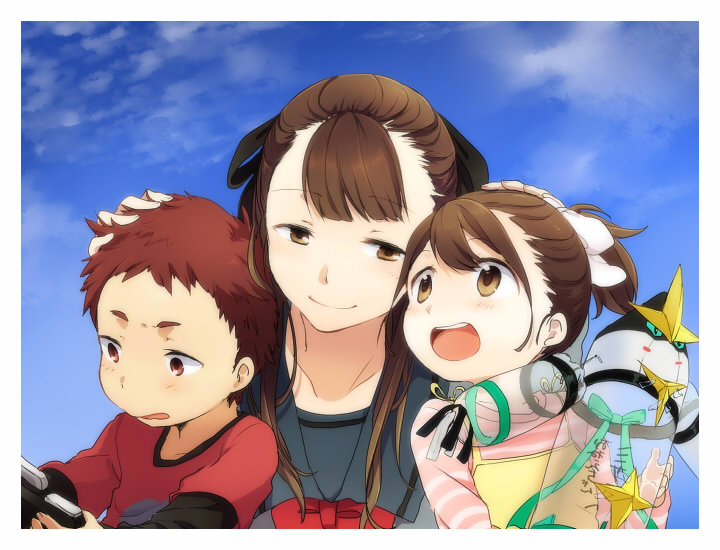 1boy 2girls aged_down blue_sky blunt_bangs blush bow bowtie brown_eyes brown_hair child chuo_tanegashima_high_school_uniform cloud day dress hair_ribbon headpat holding long_hair long_sleeves multiple_girls open_mouth outdoors photo_(object) pinafore_dress red_eyes red_hair ribbon robotics;notes school_uniform science_adventure senomiya_akiho senomiya_misaki senomiya_misaki_(teen) serafuku shirt short_hair siblings sisters sky sleeveless sleeveless_dress smile striped_clothes striped_shirt takana_(nanao) upper_body very_short_hair winter_uniform yashio_kaito yellow_dress
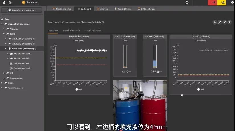 此次直播也以某树脂铸造厂进行应用演示,从而便于大家有更直观的了解。当对该厂的两个装有铸造树脂的桶的填充液位进行监测时,传统的方式是当达到特定的填充液位时,液位传感器的红色信号灯就会亮起并闪烁,需要生产人员在现场看到后进行相应处理。现今,这2个液位传感器信息将直接发送至IO-Link主站。而moneo平台可以直接检索和查看该IO-Link主站的传感器数据。
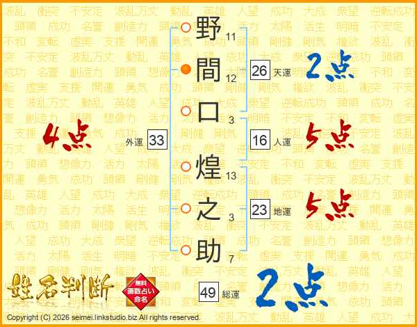 野(11画)間(12画)口(3画) 煌(13画)之(3画)助(7画)
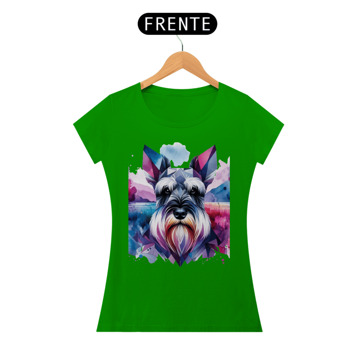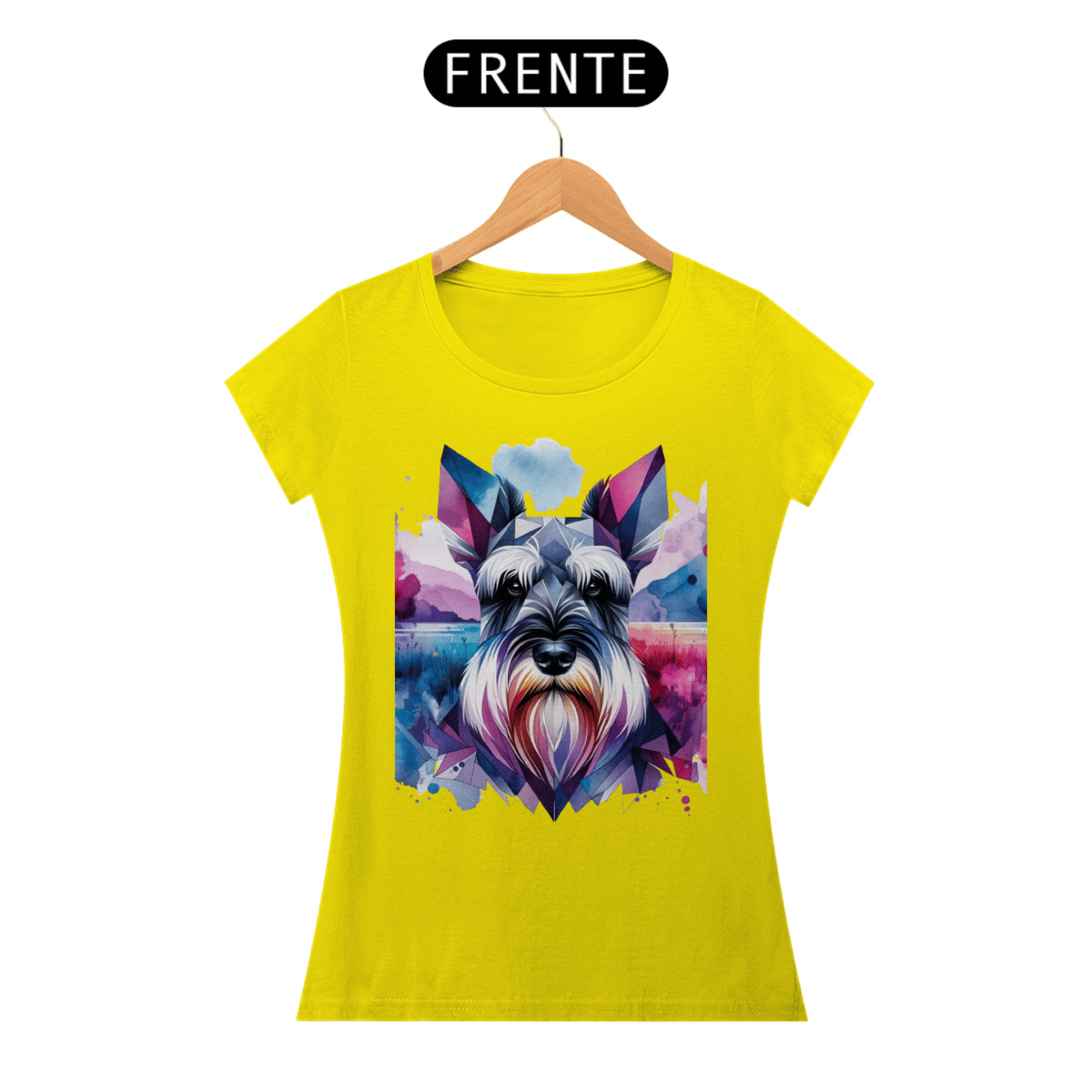 Schnauzer com formas geométricas e elementos de aquarela em tons frios de roxo, rosa e azul. A combinação de estilos cria um efeito visual único e artístico.
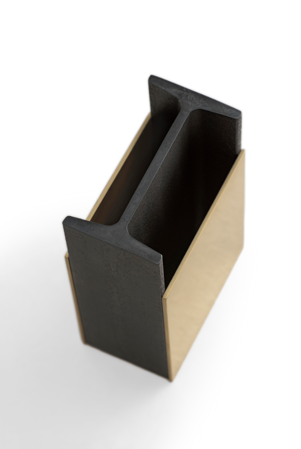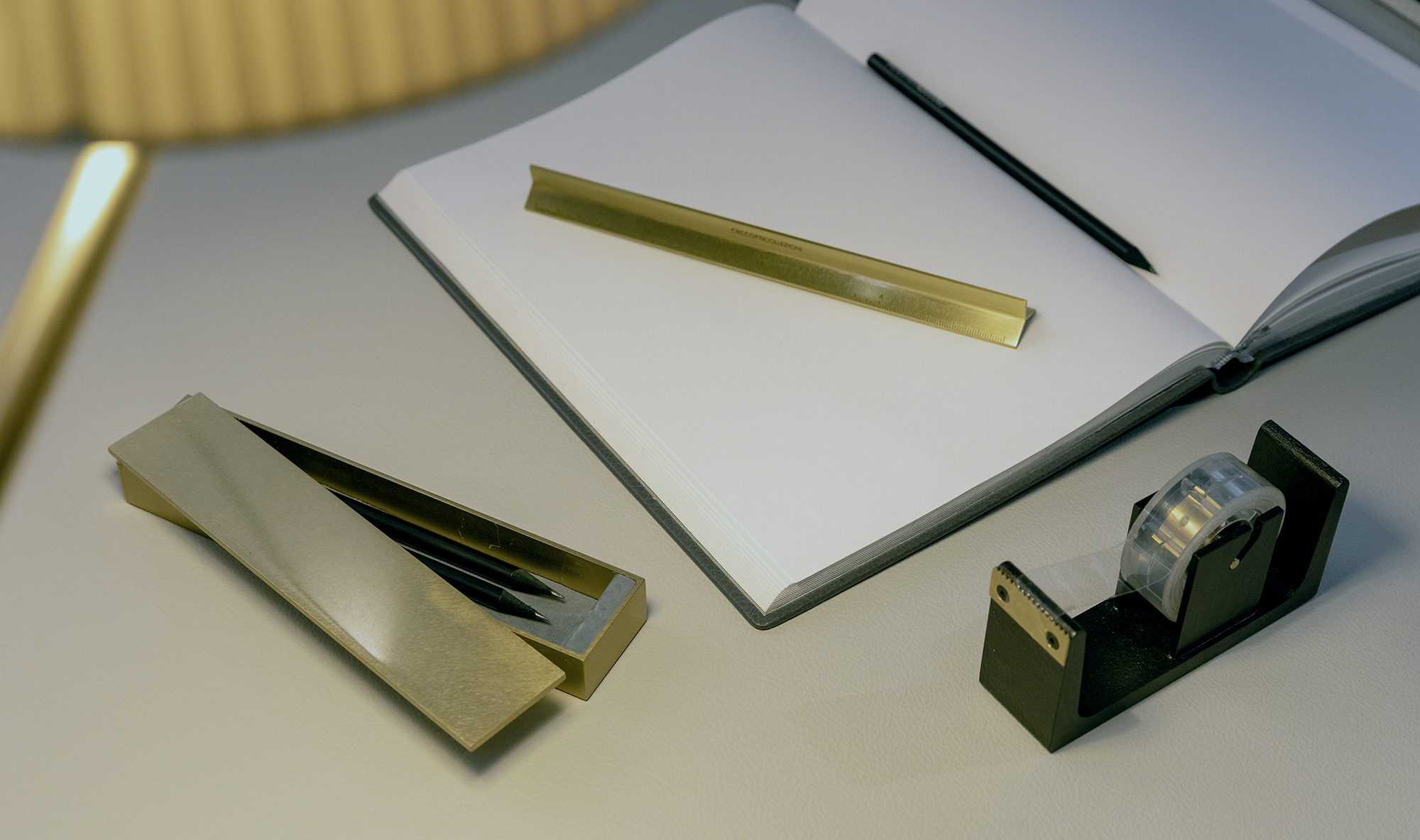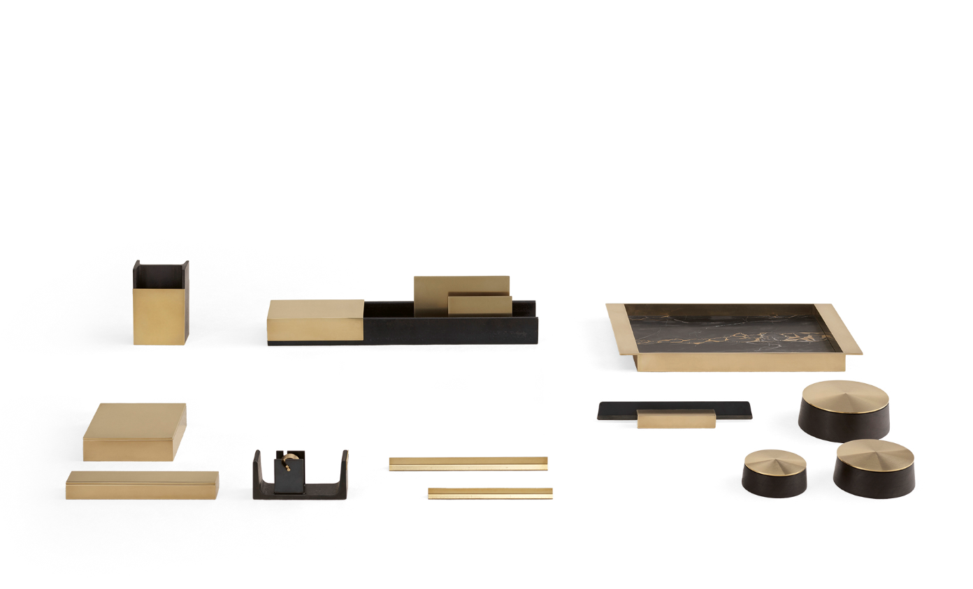 IC - il cui nome si ispira alla forma di alcuni elementi derivati dall’architettura – è una collezione di preziosi accessori da scrivania. Sono micro architetture, fatte di putrelle d’acciaio, profili standard rubati al mondo dell’architettura e superfici di ottone finemente levigate. Sono oggetti puri, scultorei. Nella serie, oltre a vassoi, portapenne e scatole, vi sono porta lettere, tagliacarte, astucci da tavolo e righelli. Tipologie ormai lontane dal nostro quotidiano, quasi fossero fantasmi del passato, ma che nell’era digitale risvegliano il desiderio di fisicità, matericità e manualità.
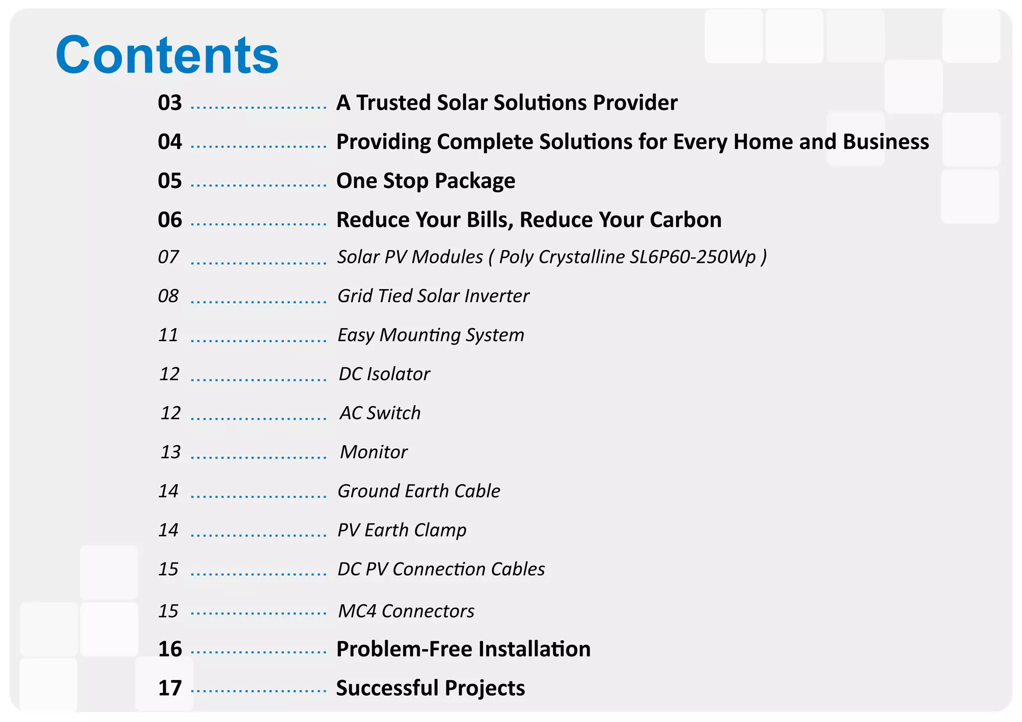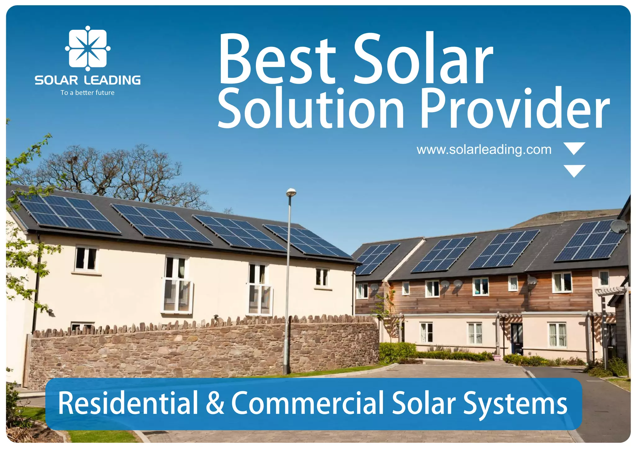 The document provides information about Solar Leading, a solar solutions provider. It discusses Solar Leading's history and production capacity. It also provides details about the components and services provided for residential and commercial solar installation projects, including modules, inverters, mounting systems, monitoring equipment, and installation services.
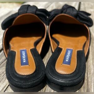 Margaux The Bow Mule, black suede & ribbon, size 38 but fits a 6.5 maybe a small 7. Handmade in Spain. Super cute shoe!!
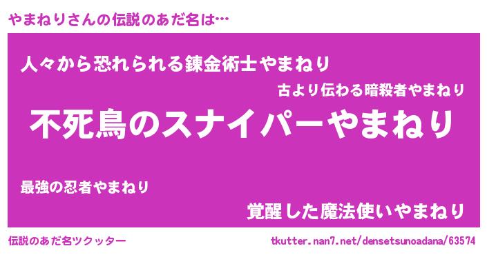 | 胡散臭い通販商品みたいなあだ名 | 『モテモテ間違いなし霊験あらたかなお札…その名も「やまねり」』 |
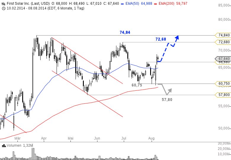 Die Zahlen von First Solar brachten nicht das gewünschte Kaufinteresse. Die Aktie fiel zunächst auf die Unterstützung bei 60,75 $ zurück, verteidigte diese aber ein drittes Mal und drehte noch am gleichen Tag deutlich nach oben ab. Gestern überwand sie den Widerstand bei 66,68 $ und könnte damit die Ziele bei 72,68 und 74,48 $ doch noch abarbeiten. Allerdings sollte hierfür der heutige Kursrücksetzer schnell wieder aufgefangen werden. Ein Rückfall in die Range würde das Chartbild wieder auf neutral stellen. Unterbietet die Aktie hingegen 60,75 $ und gibt sie auch den EMA200 als Unterstützung auf, müssten Anleger mit einem Test des Maitiefs bei 57,80 $ rechnen.
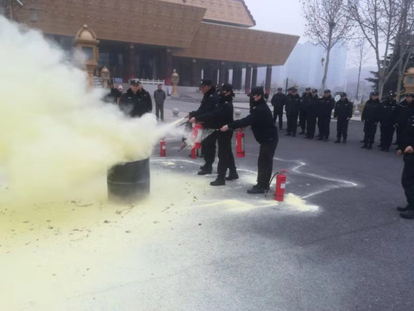 為確保客戶單位生命、財產(chǎn)安全,保障春節(jié)期間安全無事故,特保大隊派駐中國文字博物館中隊按照客戶春節(jié)前消防防控要求,結(jié)合公司《關于開展安全生產(chǎn)大檢查大排查的通知》,每日不同班次相繼進行消防訓練。
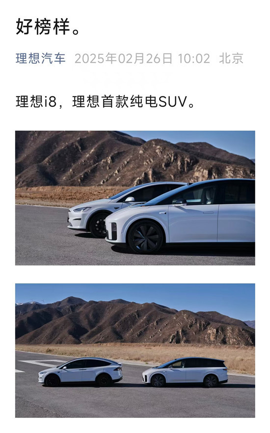 综合官图来看,理想i8前脸融合了理想L序列和理想MEGA的设计语言,整体简洁而富有力量感;车身尾部线条流畅,层次感分明,相较理想MEGA的激进设计更加平和低调。另外,理想i8侧面官图也在随后的2月26日发布。图片中,理想i8与特斯拉Model X同框出现。侧面对比来看,理想i8显得更加厚实与修长。据悉,理想i8定位6座中大型纯电SUV,拥有5C充电技术,主打家庭出行场景,预计售价在30万元以上。
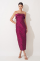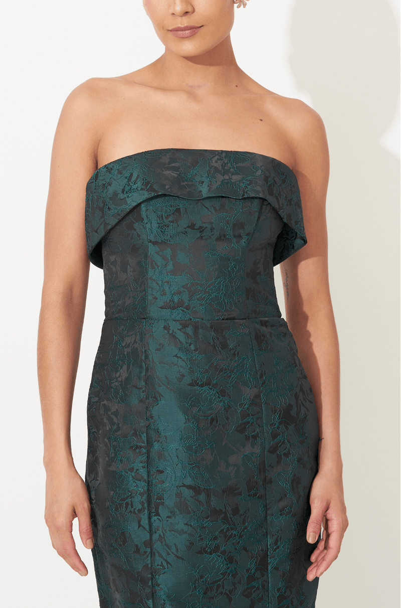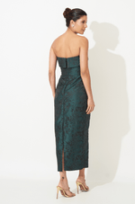 Este midi alongado em jacquard texturizado une elegância e um brilho sutil, destacando a peça com discrição e impacto na medida certa. O decote sem alças apresenta uma pala estruturada que cria um efeito arquitetônico, moldando o colo com precisão e delicadeza, ao mesmo tempo em que adiciona um toque contemporâneo ao visual.
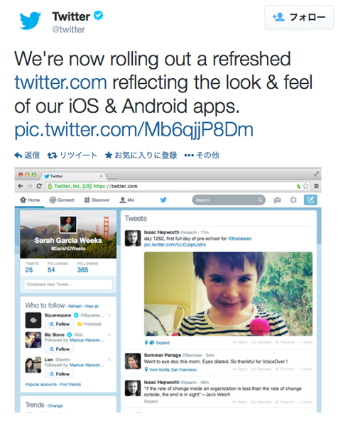 「The Verge」は、デザインが新しくなったブラウザ版Twitterが公開されたと伝えた。新しいデザインは、iOSとAndroidのデザインにより近づいたという。
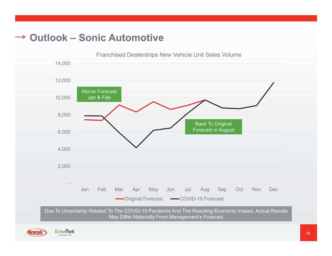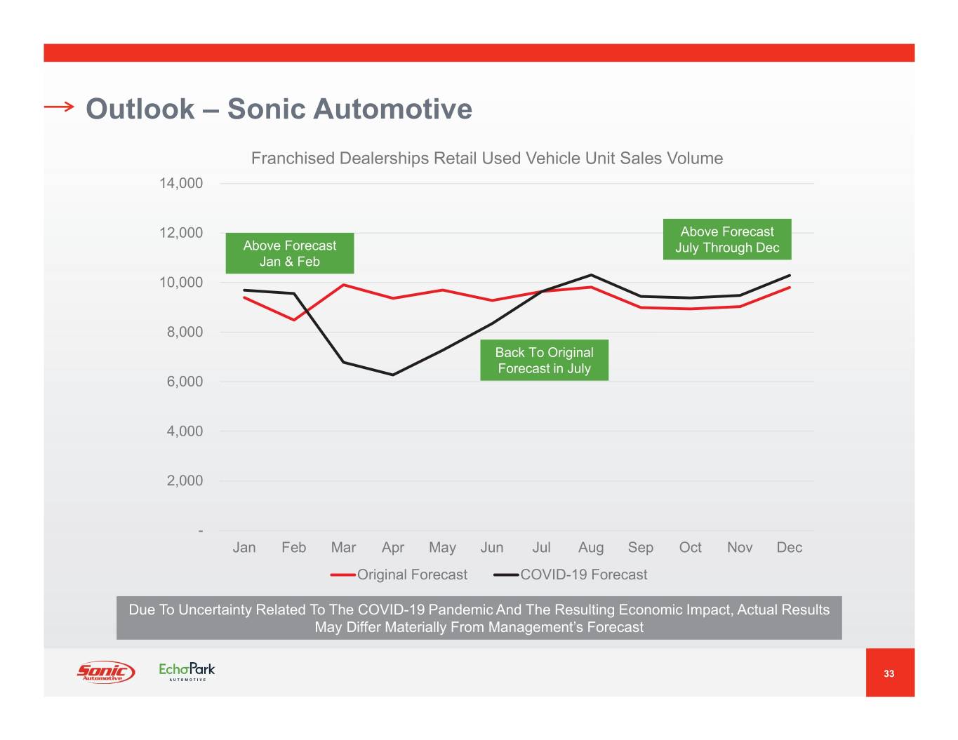 Outlook – Sonic Automotive Franchised Dealerships New Vehicle Unit Sales Volume 14,000 12,000 Above Forecast 10,000 Jan & Feb 8,000 Back To Original 6,000 Forecast in August 4,000 2,000 - Jan Feb Mar Apr May Jun Jul Aug Sep Oct Nov Dec Original Forecast COVID-19 Forecast Due To Uncertainty Related To The COVID-19 Pandemic And The Resulting Economic Impact, Actual Results May Differ Materially From Management’s Forecast 32

::::::::

== WORK TO COMPLETE ==
Only one part of the material above is wanted: the lines from the one with "野(11画)間(12画)口(3画) 煌(13画)之(3画)助(7画)" up to and including the one with "Schnauzer com formas". Please copy them exactly, pictures left out.

== OUTPUT BELOW ==
 野(11画)間(12画)口(3画) 煌(13画)之(3画)助(7画)
 Schnauzer com formas geométricas e elementos de aquarela em tons frios de roxo, rosa e azul. A combinação de estilos cria um efeito visual único e artístico.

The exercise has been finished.